**WHAT NEEDS TO BE DONE:**
Without including the pictures, copy each line below exactly as it reads.

(Beginning of SUPPLIED MATERIAL)

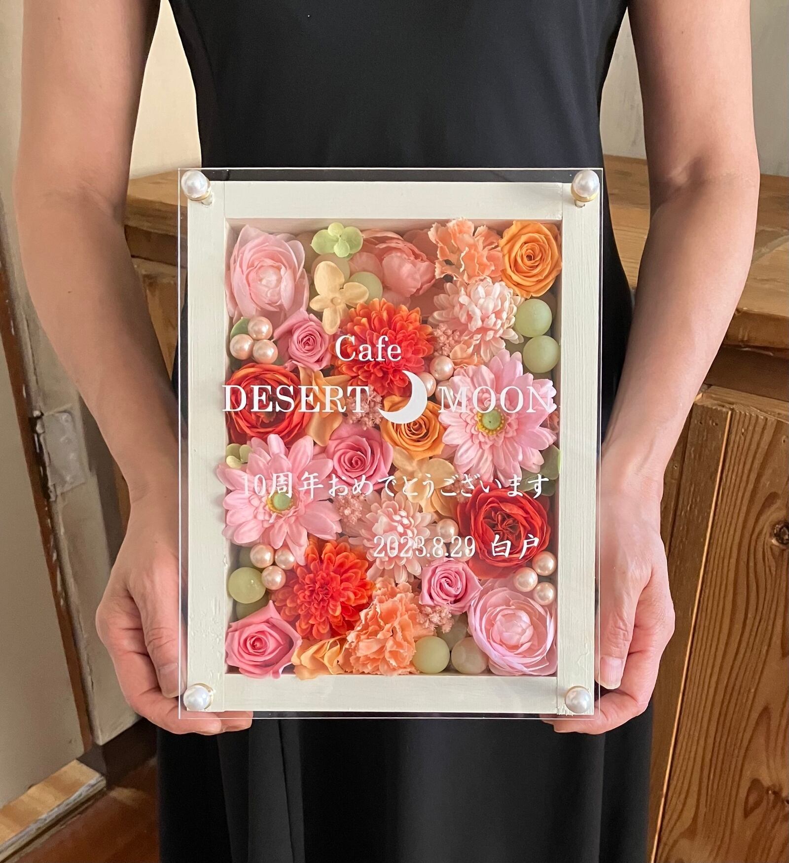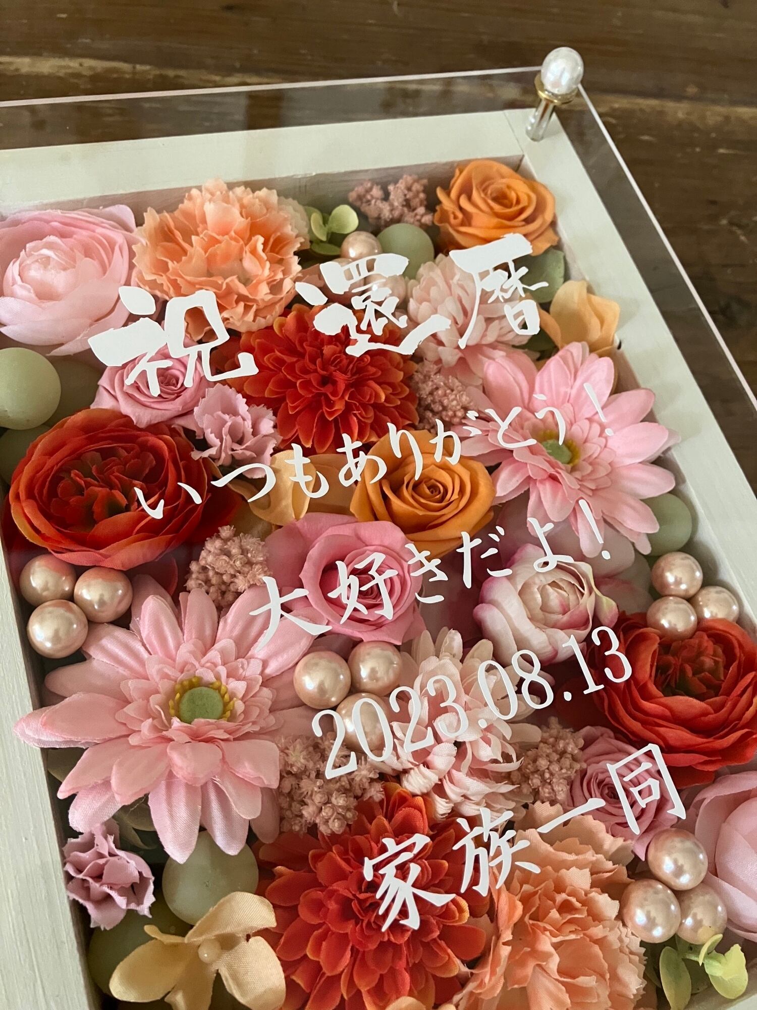 開店祝い・退職祝い・還暦祝い・結婚祝い・母の日ギフト【名入れ】プリザーブドフラワーアレンジ ウッドフレーム 白木枠〈ピンクオレンジ〉
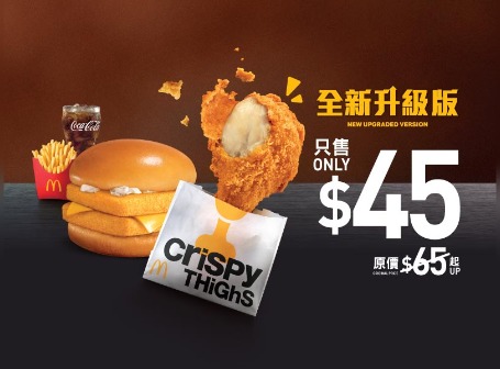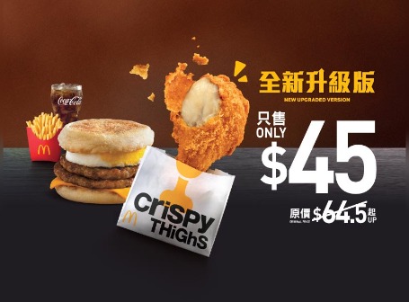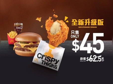 $45 雙層豬柳蛋漢堡四道菜套餐配升級版麥炸雞(原味/蜜糖BBQ)1件 [可重用]
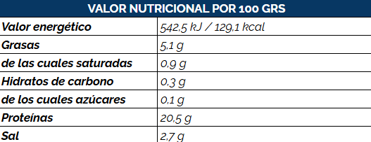 Peso neto 85gr, peso escurrido 55gr. Conservarse entre 5º y 12º.
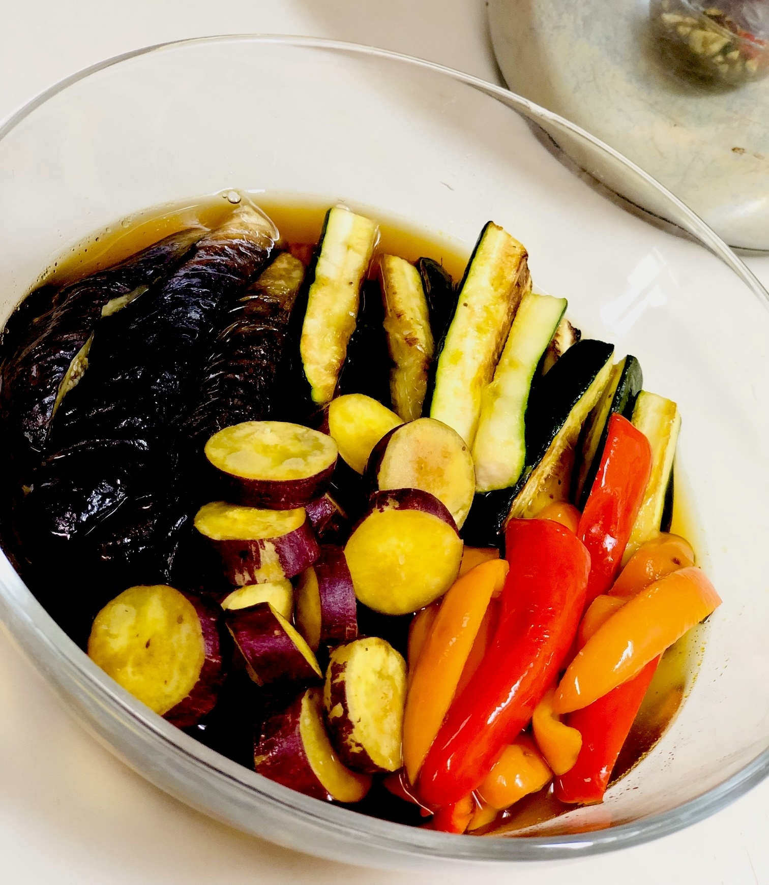 トップ > おやさい企画 > 夏の常備野菜ー揚げ浸しー TAKA 2025/07/28 20:58 夏の常備野菜ー揚げ浸しー 茄子・ズッキーニ・パプリカ・さつまいもを揚げ浸し 出来立ても良いけど、冷やしても👍 エアフライヤーで油分も大幅にカット 薄めの出汁でサラダのようにモリモリ食べちゃう いいね コメントする 0 件の返信 (新着順)
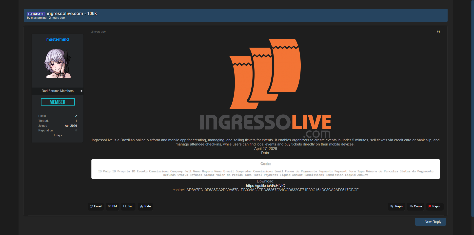 黑客论坛曝光巴西事件票务平台IngressoLive.com完整数据库,共10.6万条记录,泄露了用户ID、姓名、邮箱、支付信息、佣金记录、订单金额、支付状态、税费等敏感数据。
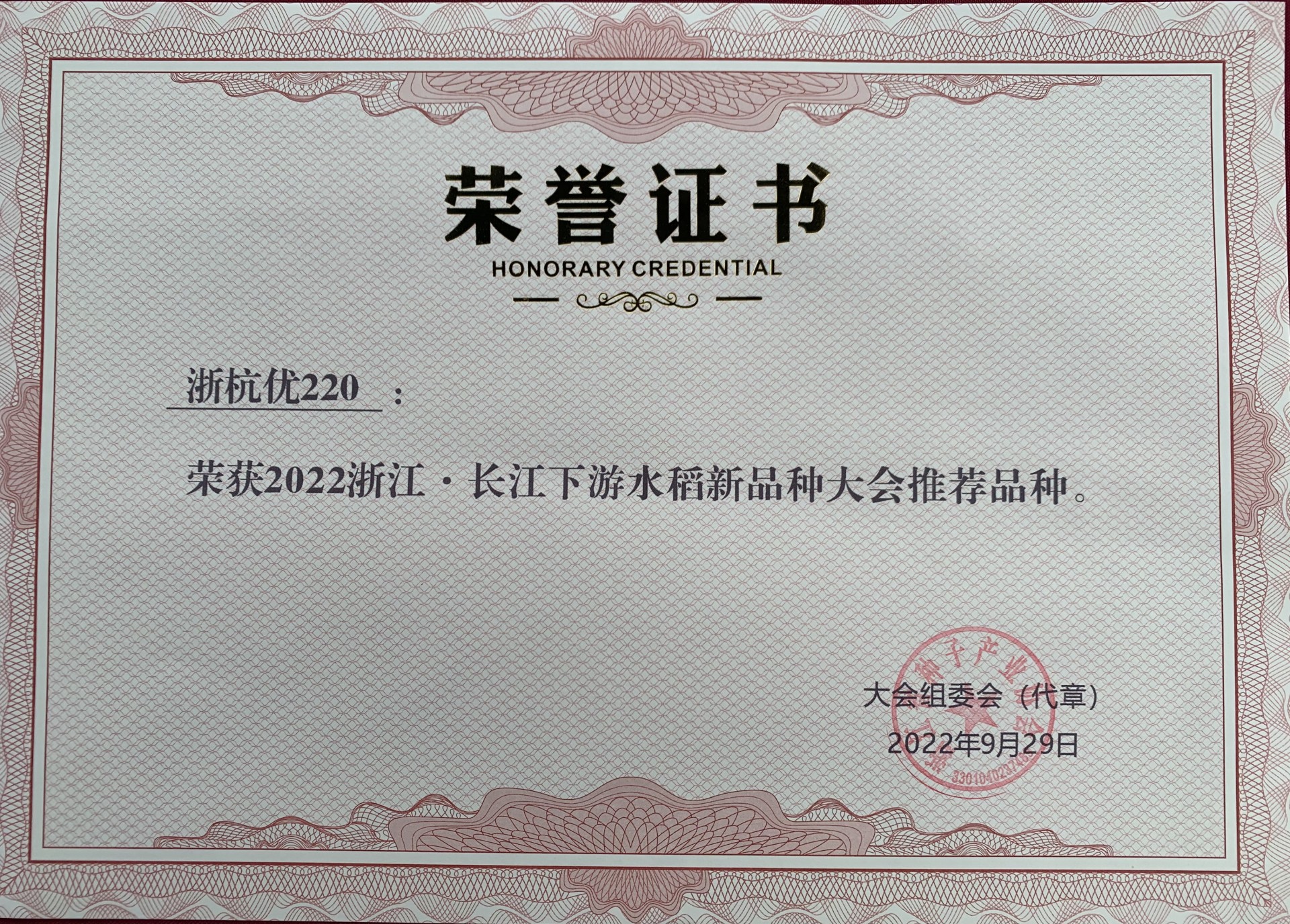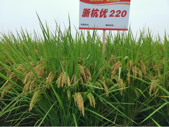 浙江嵊州,2022浙江▪长江中下游水稻品种大会的主会场,6个浙杭优系列籼粳杂交稻新品种与43家科研单位、种业企业的477个水稻品种同台竞技,浙杭优220的突出表现赢得大会专家评审组的一致好评,喜获大会推荐品种。来自江西、安徽、福建、湖北的种业企业代表,对浙杭优220、浙杭优210、浙杭优K688等系列品种高产抗倒、穗大粒多、青秆黄熟的优异特性赞赏有加,纷纷表达了强烈的合作推广愿望。
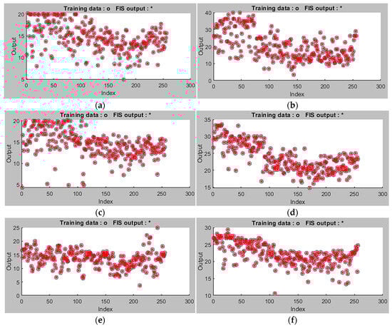 The ANFIS network, as shown in Figure 18, was applied to each of the selected locations using the hybrid architecture in Figure 19. Daily average atmospheric data from the year 2013 were used in this section of the work to predict corresponding visibility data. Time series charts were created by plotting both the training data and FIS output for each city studied in this work against the time index, as shown in Figure 20a–f. This figure displays only 70% of the input data allocated for training, equivalent to the first 256 days within the whole period considered. It was observed that after training, there was a high relationship between the two datasets suggesting very low RMSE value. The estimated training RMSE value for the ANFIS network is shown in Table 6.

(End of SUPPLIED MATERIAL)

**THE ANSWER:**
 開店祝い・退職祝い・還暦祝い・結婚祝い・母の日ギフト【名入れ】プリザーブドフラワーアレンジ ウッドフレーム 白木枠〈ピンクオレンジ〉
 $45 雙層豬柳蛋漢堡四道菜套餐配升級版麥炸雞(原味/蜜糖BBQ)1件 [可重用]
 Peso neto 85gr, peso escurrido 55gr. Conservarse entre 5º y 12º.
 トップ > おやさい企画 > 夏の常備野菜ー揚げ浸しー TAKA 2025/07/28 20:58 夏の常備野菜ー揚げ浸しー 茄子・ズッキーニ・パプリカ・さつまいもを揚げ浸し 出来立ても良いけど、冷やしても👍 エアフライヤーで油分も大幅にカット 薄めの出汁でサラダのようにモリモリ食べちゃう いいね コメントする 0 件の返信 (新着順)
 黑客论坛曝光巴西事件票务平台IngressoLive.com完整数据库,共10.6万条记录,泄露了用户ID、姓名、邮箱、支付信息、佣金记录、订单金额、支付状态、税费等敏感数据。
 浙江嵊州,2022浙江▪长江中下游水稻品种大会的主会场,6个浙杭优系列籼粳杂交稻新品种与43家科研单位、种业企业的477个水稻品种同台竞技,浙杭优220的突出表现赢得大会专家评审组的一致好评,喜获大会推荐品种。来自江西、安徽、福建、湖北的种业企业代表,对浙杭优220、浙杭优210、浙杭优K688等系列品种高产抗倒、穗大粒多、青秆黄熟的优异特性赞赏有加,纷纷表达了强烈的合作推广愿望。
 The ANFIS network, as shown in Figure 18, was applied to each of the selected locations using the hybrid architecture in Figure 19. Daily average atmospheric data from the year 2013 were used in this section of the work to predict corresponding visibility data. Time series charts were created by plotting both the training data and FIS output for each city studied in this work against the time index, as shown in Figure 20a–f. This figure displays only 70% of the input data allocated for training, equivalent to the first 256 days within the whole period considered. It was observed that after training, there was a high relationship between the two datasets suggesting very low RMSE value. The estimated training RMSE value for the ANFIS network is shown in Table 6.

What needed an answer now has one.